`Radix Sort`

Non-comparison sort that processes integer keys digit by digit (from least to most significant) using a stable sort (e.g. counting sort) at each digit position.

Spec ↗

Syntax

radixSort(arr)

Parameters

Name	Type	Required	Description
`arr`	`Array<number>`	Yes	Array of non-negative integers to sort. Returns a new sorted array.

Returns

Array<number> — A new sorted array of non-negative integers.

Examples

function countingSortByDigit(arr, exp) {
  const n = arr.length;
  const out = new Array(n);
  const count = new Array(10).fill(0);
  for (let i = 0; i < n; i++) count[Math.floor(arr[i] / exp) % 10]++;
  for (let i = 1; i < 10; i++) count[i] += count[i - 1];
  for (let i = n - 1; i >= 0; i--) {
    const d = Math.floor(arr[i] / exp) % 10;
    out[--count[d]] = arr[i];
  }
  return out;
}

function radixSort(arr) {
  const max = Math.max(...arr);
  let exp = 1;
  while (Math.floor(max / exp) > 0) {
    arr = countingSortByDigit(arr, exp);
    exp *= 10;
  }
  return arr;
}

console.log(radixSort([170, 45, 75, 90, 802, 24, 2, 66]));

Output

[ 2, 24, 45, 66, 75, 90, 170, 802 ]

// Single-digit numbers
function radixSort(arr) {
  if (!arr.length) return arr;
  const max = Math.max(...arr);
  let exp = 1, a = [...arr];
  while (Math.floor(max / exp) > 0) {
    const count = new Array(10).fill(0);
    const out = new Array(a.length);
    for (const x of a) count[Math.floor(x / exp) % 10]++;
    for (let i = 1; i < 10; i++) count[i] += count[i - 1];
    for (let i = a.length - 1; i >= 0; i--) {
      const d = Math.floor(a[i] / exp) % 10;
      out[--count[d]] = a[i];
    }
    a = out; exp *= 10;
  }
  return a;
}

console.log(radixSort([3, 1, 4, 1, 5, 9, 2, 6]));

Output

[ 1, 1, 2, 3, 4, 5, 6, 9 ]

Notes

| Case | Time | Space | |---------|-----------|-------| | Best | O(nk) | O(n) | | Average | O(nk) | O(n) | | Worst | O(nk) | O(n) | where k = number of digits in the maximum value.
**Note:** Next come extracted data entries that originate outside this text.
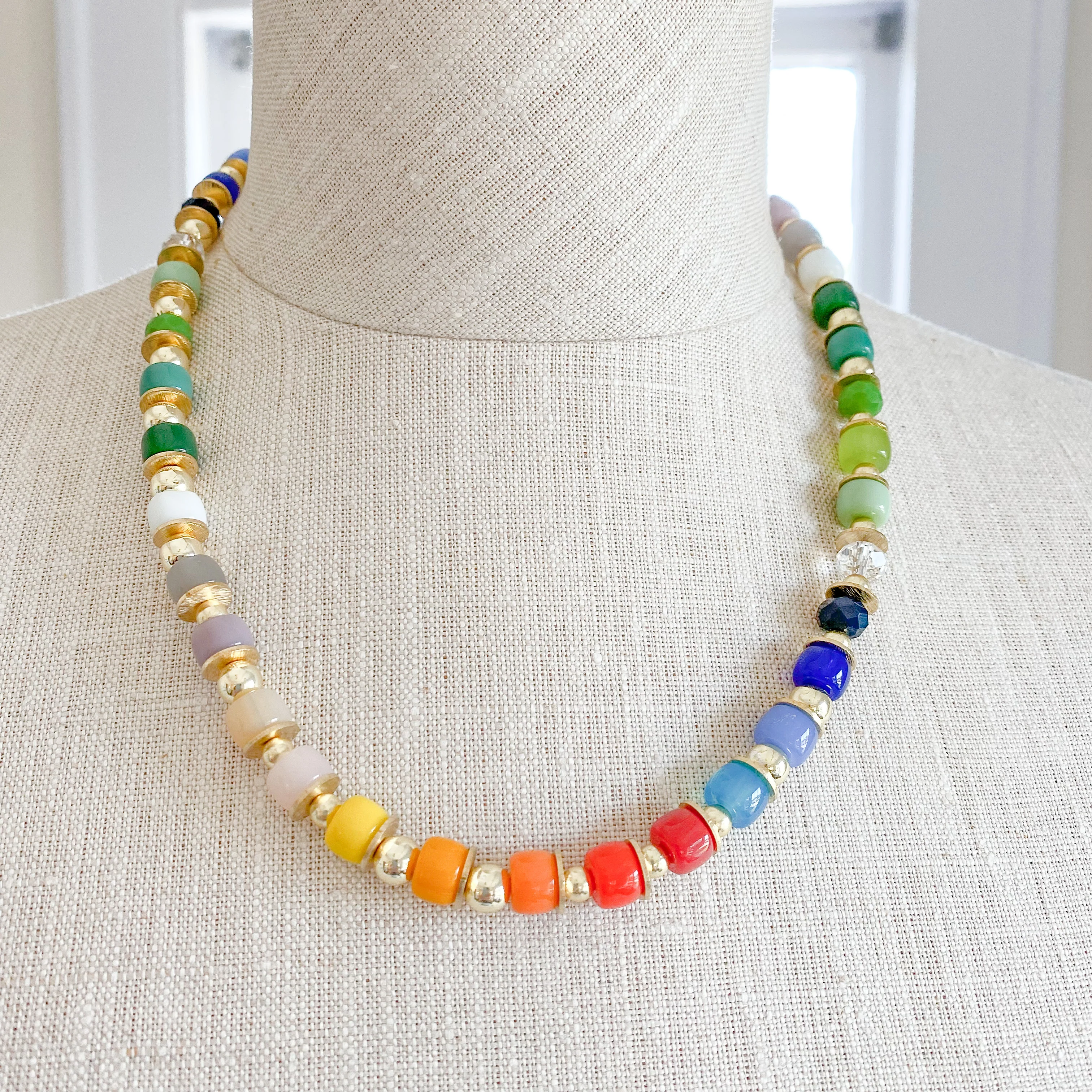 A stunning array of our best selling 8mm multicolor glass roller beads, 8mm crystal rondelles, and picture-perfect gold accent beads.
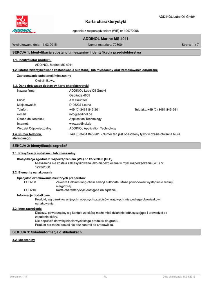 ADDINOL Lube Oil GmbH Karta charakterystyki zgodnie z rozporządzeniem (WE) nr 1907/2006 ADDINOL Marine MS 4011 Wydrukowano dnia: 11.03.2015 Strona 1 z 7 Numer materiału: 723004 SEKCJA 1: Identyfikacja substancji/mieszaniny i identyfikacja przedsiębiorstwa 1.1. Identyfikator produktu ADDINOL Marine MS 4011 1.2. Istotne zidentyfikowane zastosowania substancji lub mieszaniny oraz zastosowania odradzane Zastosowanie substancji/mieszaniny Olej silnikowy. 1.3. Dane dotyczące dostawcy karty charakterystyki Nazwa firmy: ADDINOL Lube Oil GmbH Gebäude 4609 Ulica: Miejscowość: Telefon: e-mail: Am Haupttor D-06237 Leuna +49 (0) 3461 845-201 [email protected] Osoba do kontaktu: Internet: Wydział Odpowiedzialny: Application Technology www.addinol.de ADDINOL Application Technology 1.4. Numer telefonu alarmowego: Telefaks: +49 (0) 3461 845-561 +49 (0) 3461 845-201 - Numer ten jest obasdzony tylko w czasie otwarcia biura. SEKCJA 2: Identyfikacja zagrożeń 2.1. Klasyfikacja substancji lub mieszaniny Klasyfikacja zgodnie z rozporządzeniem (WE) nr 1272/2008 [CLP] Mieszanina nie została zaklasyfikowana jako niebezpieczna w myśl rozporządzenia (WE) nr 1272/2008. 2.2. Elementy oznakowania Specjalne oznakowanie niektórych preparatów EUH208 Zawiera Calcium long-chain alkaryl sulfonate. Może powodować wystąpienie reakcji alergicznej. EUH210 Karta charakterystyki dostępna na żądanie. Informacje dodatkowe Produkt, wg dyrektyw unijnych i obecnych przepisów krajowych, nie podlega obowiązkowi oznakowania. 2.3. Inne zagrożenia Dłuższy, powtarzający się kontakt ze skórą może mieć działanie odtłuszczające i prowadzić do zapalenia skóry. Nie dopuścić do wsiąknięcia wyciekłego produktu do gruntu. Produkt nie może dostać się bez kontroli do środowiska. SEKCJA 3: Skład/informacja o składnikach 3.2. Mieszaniny Wersja nr: 1,14 PL Data aktualizacji: 11.03.2015 ADDINOL Lube Oil GmbH Karta charakterystyki zgodnie z rozporządzeniem (WE) nr 1907/2006 ADDINOL Marine MS 4011 Wydrukowano dnia: 11.03.2015 Strona 2 z 7 Numer materiału: 723004 Składniki niebezpieczne Nazwa chemiczna Nr WE Nr CAS Ilość Klasyfikacja zgodnie z 67/548/EWG Klasyfikacja zgodnie z rozporządzeniem (WE) nr 1272/2008 [CLP] Nr Index Nr REACH < 1,15 % Polyolefin polyamine succinimide, polyol Polymer R53 Aquatic Chronic 4; H413 < 0,30 % Calcium long-chain alkaryl sulfonate confident R43-53 Skin Sens. 1, Aquatic Chronic 4; H317 H413 Wydźwięk zdań R-, H- i EUH: patrz sekcja 16. Informacja uzupełniająca DMSO-Extrakt < 3 %, IP 346. Stężenie PCB < 1mg/kg. Classification system: The classification corresponds to the current EC lists and is completed by information from specialist literature and company information. SEKCJA 4: Środki pierwszej pomocy 4.1. Opis środków pierwszej pomocy Wskazówki ogólne Samoochrona udzielających pierwszej pomocy. Zdjąć całą zanieczyszczoną odzież. Nie wolno przechowywać w kieszeniach ubrania matriałów nasączonych produktem. W przypadku wdychania Poszkodowanych przetransportować na świeże powietrze. Osoby z obrażeniamiami doprowadzić w bezpieczne i ciepłe miejsce. W razie długotrwałego występowania dolegliwości sprowadzić lekarza. W przypadku kontaktu ze skórą Zanieczyszczoną skórę natychmiast przemyć dużą ilością wody z mydłem. Zdjąć całą zanieczyszczoną odzież. Należy udać się do dermatologa. W przypadku kontaktu z oczami W przypadku kontaktu z oczami natychmiast przemyć je przez około 10 do 15 minut pod bieżącą wodą nie zamykając powiek. Następnie udać się do okulisty. W przypadku połknięcia Nie należy wywoływać wymiotów. Jamę ustną przepłukać dokładnie wodą. Natychmiast sprowadzić lekarza. 4.2. Najważniejsze ostre i opóźnione objawy oraz skutki narażenia Nie istnieją żadne informacje. 4.3. Wskazania dotyczące wszelkiej natychmiastowej pomocy lekarskiej i szczególnego postępowania z poszkodowanym Pierwsza pomoc, odkażanie, leczenie objawów. SEKCJA 5: Postępowanie w przypadku pożaru 5.1. Środki gaśnicze Wersja nr: 1,14 PL Data aktualizacji: 11.03.2015 ADDINOL Lube Oil GmbH Karta charakterystyki zgodnie z rozporządzeniem (WE) nr 1907/2006 ADDINOL Marine MS 4011 Wydrukowano dnia: 11.03.2015 Strona 3 z 7 Numer materiału: 723004 Odpowiednie środki gaśnicze Piana. Suchy środek gaśniczy. Dwutlenek węgla (CO2). Woda w sprayu. Niewłaściwe środki gaśnicze Pełny strumień wody. 5.2. Szczególne zagrożenia związane z substancją lub mieszaniną Podczas pożaru mogą powstawać: Tlenek węgla. Dwutlenek węgla (CO2). Tlenki siarki. Tlenki fosfor. Tlenki azotu (NOx). Sadza. 5.3. Informacje dla straży pożarnej W razie pożaru: Stosować niezależny sprzęt do ochrony dróg oddechowych. Informacja uzupełniająca Środki gaśnicze należy dostosować do otoczenia. Do ochrony osób i dla schłodzenia pojemników w obszarze zagrożenia używać strumienia wody. Nie wdychać dymów powstających w wyniku pożaru lub wybuchu. Należy osobno składować skażone płyny gaśnicze. Nie odprowadzać do kanalizacji i zbiorników wodnych. SEKCJA 6: Postępowanie w przypadku niezamierzonego uwolnienia do środowiska 6.1. Indywidualne środki ostrożności, wyposażenie ochronne i procedury w sytuacjach awaryjnych Rozlany/wysypany produkt może powodować poślizgnięcie lub upadek. Oddalić źródła zapłonu. Przy oddziaływaniu oparów, pyłów i aerozoli należy używać maski chroniącej drogi oddechowe. Unikać kontaktu ze skórą, oczami i odzieżą. 6.2. Środki ostrożności w zakresie ochrony środowiska Nie odprowadzać do kanalizacji i zbiorników wodnych. W przypadku ulatniania się gazu lub przedostania się do wody, gleby lub kanalizacji zawiadomić kompetentne organy władzy. Unikać rozprzestrzenienia się po powierzchni (np. przez zatamowanie lub zagrodzenie olejem). 6.3. Metody i materiały zapobiegające rozprzestrzenianiu się skażenia i służące do usuwania skażenia Należy zebrać pr
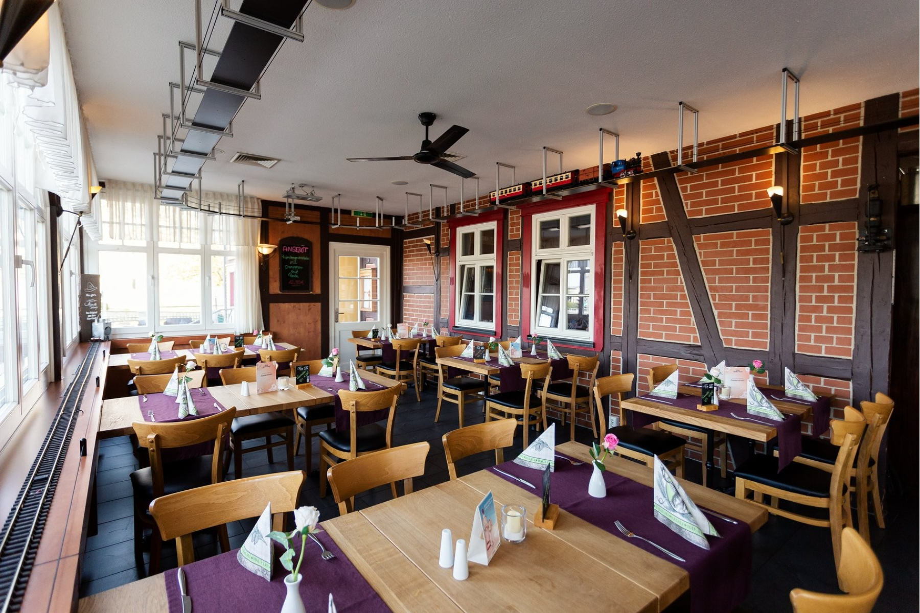 In unserem Verandarestaurant "1835" steht Ihnen unser herzliches Team von Früh bis Spät zur Seite. Ob bei der Planung Ihres Tagesausflugs, zum Start des aufregenden Tages durch ein ehrliches Frühstücksbuffet mit einer Auswahl an frischem Obst und Gemüse, Käse, warmen Eierspeisen, sowie Wurst- und Brotspezialitäten von regionalen Anbietern oder zum Abschluss des Abends mit einer Darbietung an gutbürgerlicher Küche, regionalem Bier und Weinen vom renommierten Winzer. Ein ganz besonderes Spektakel von groß gegen klein bietet hier unsere kleine Getränke-Schmalspurbahn mit Anbindung an einige unserer Tische, die Ihren großen Geschwistern schon das oder andere Mal die Show gestohlen hat.
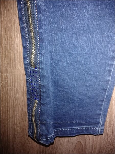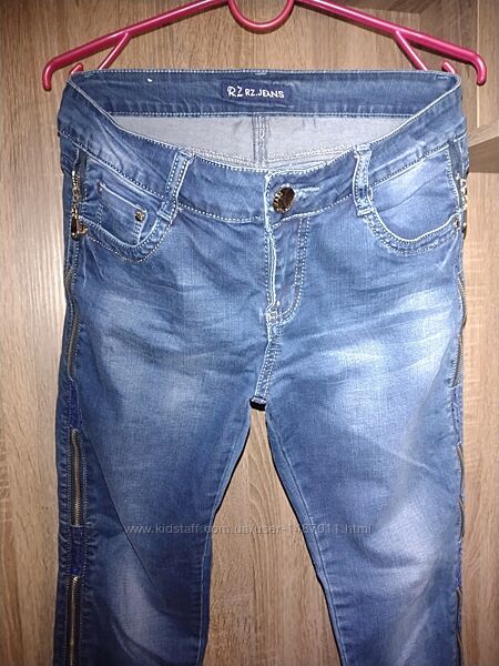Джинсы RZ. Jeans женские синие прямые. Размер 46 - 48 (W30), цвет синий. Джинсы прямые, по бокам украшены лампасами из "молний" и стразами. Линия талии - слегка занижена. Ткань: мягкая, плотная - слегка растягивается и красиво облегает.Длина 95см, окружность пояса 86см, окружность бёдер 100см, ширина штанины: на уровне бедра 25см, в самом низу 16см. Глубина посадки: спереди 22см, сзади 35см.
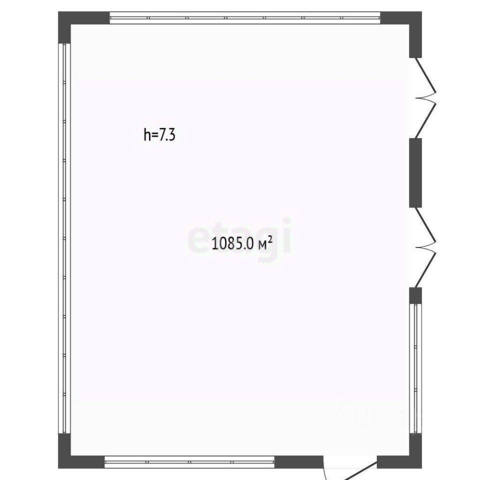 Высота до балки 7,3 м;
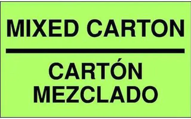 Instructional Handling Label, Language Spanish, Primary Label Subject Receiving, Message Header Inspection, Message Mixed Carton/Carton Mezclado, Label Width 5 in, Label Height 3 in, Material Adhesive Back, Paper, Background Color Green, Labels per Roll 500, Package Quantity 500. This item has been restricted from sale in the following state (s): []
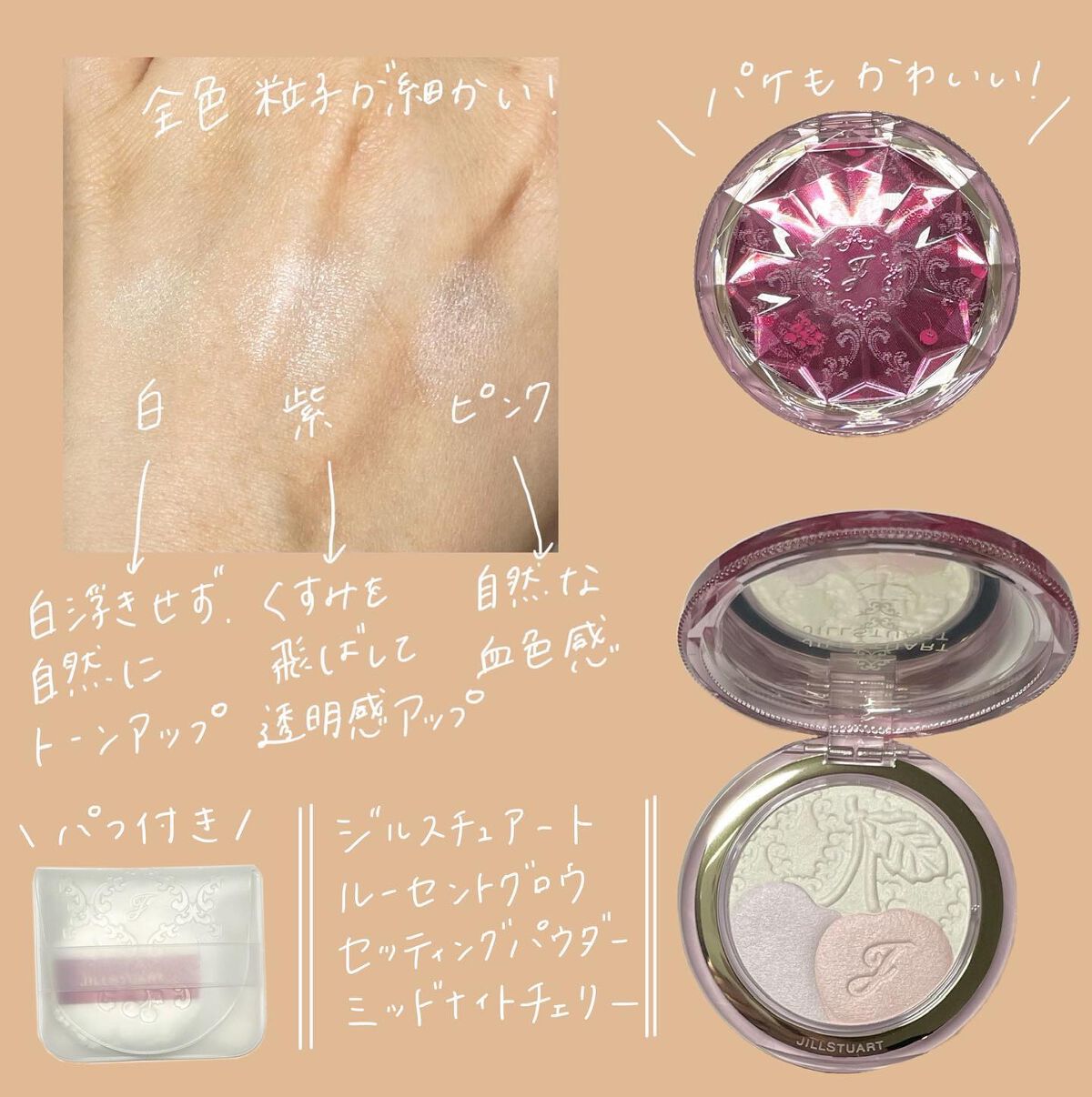 とにかく潤いがすごい! 私は混合肌で鼻以外の乾燥が気になるので、潤い系の下地が手放せないのですが、この下地は本当に水分爆弾でした、、! パール入りでくすみを飛ばして自然な美肌へ よーーくみると、細かいパールが入っています。このパールのおかげで、肌のくすみを飛ばして、均一な肌になります。 ほんのりピンクで血色感UP コントロールカラーほどのピンクではなくて、ほんのりピンクなのがポイント。ベージュとピンクの間ぐらいです。
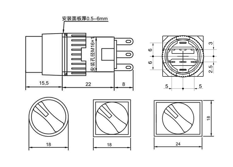 SPECIFICATIONS Panel Thickness: Ø16.20mm Contact Rating: 6A 250VAC/440V Mechanical Life: 20,000 cycles Electrical Life: 10,000 cycles make-and-break cycles. Torque: 3~8Nm
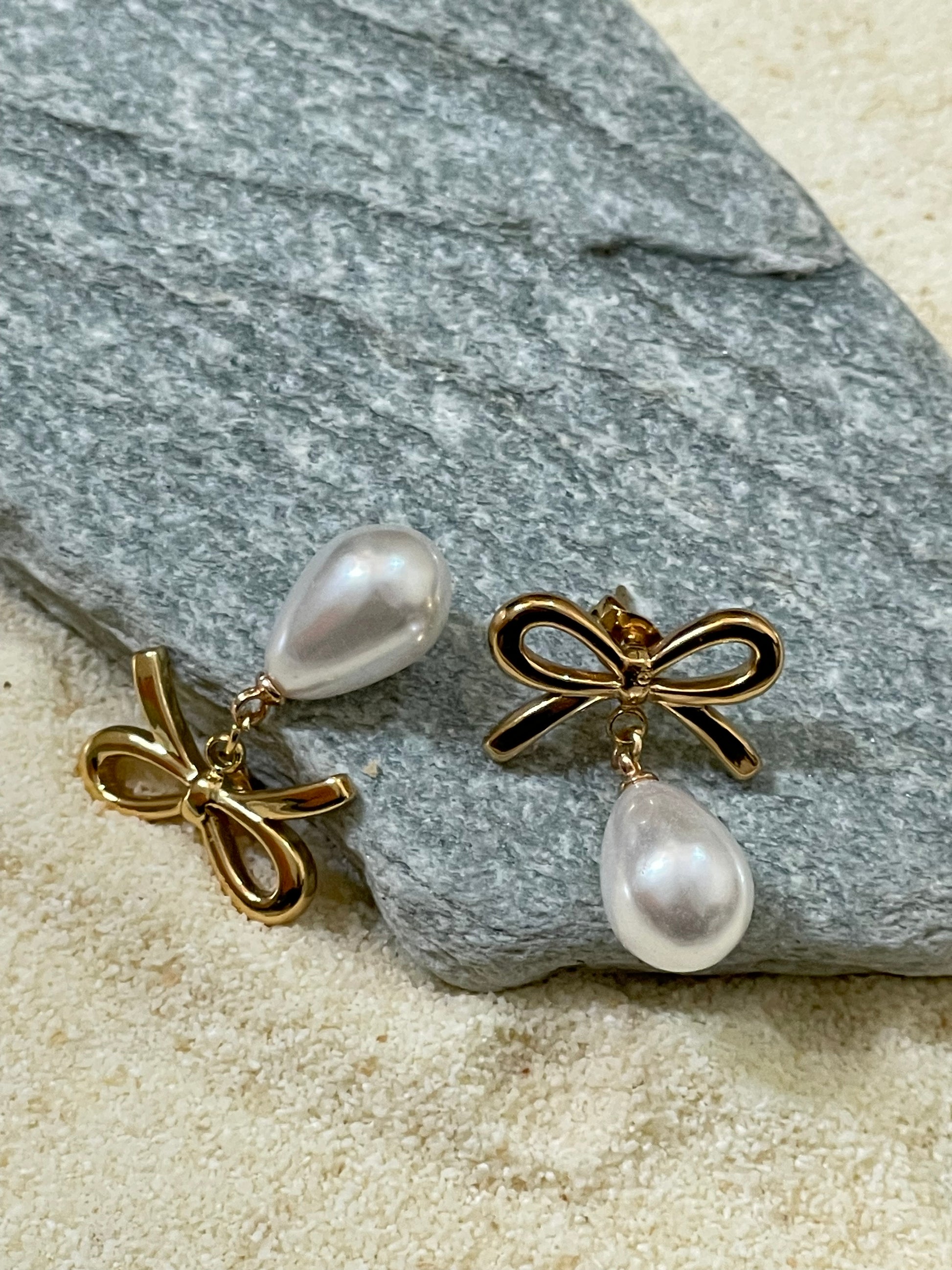 Pearl Bow Drop Earrings

For fixed-width integers (e.g. 32-bit) k is a constant, giving true O(n) behaviour. LSD (least significant digit) radix sort is stable; MSD (most significant digit) can be done in-place but is more complex. Not suitable for floating-point or arbitrary objects without a key extraction function.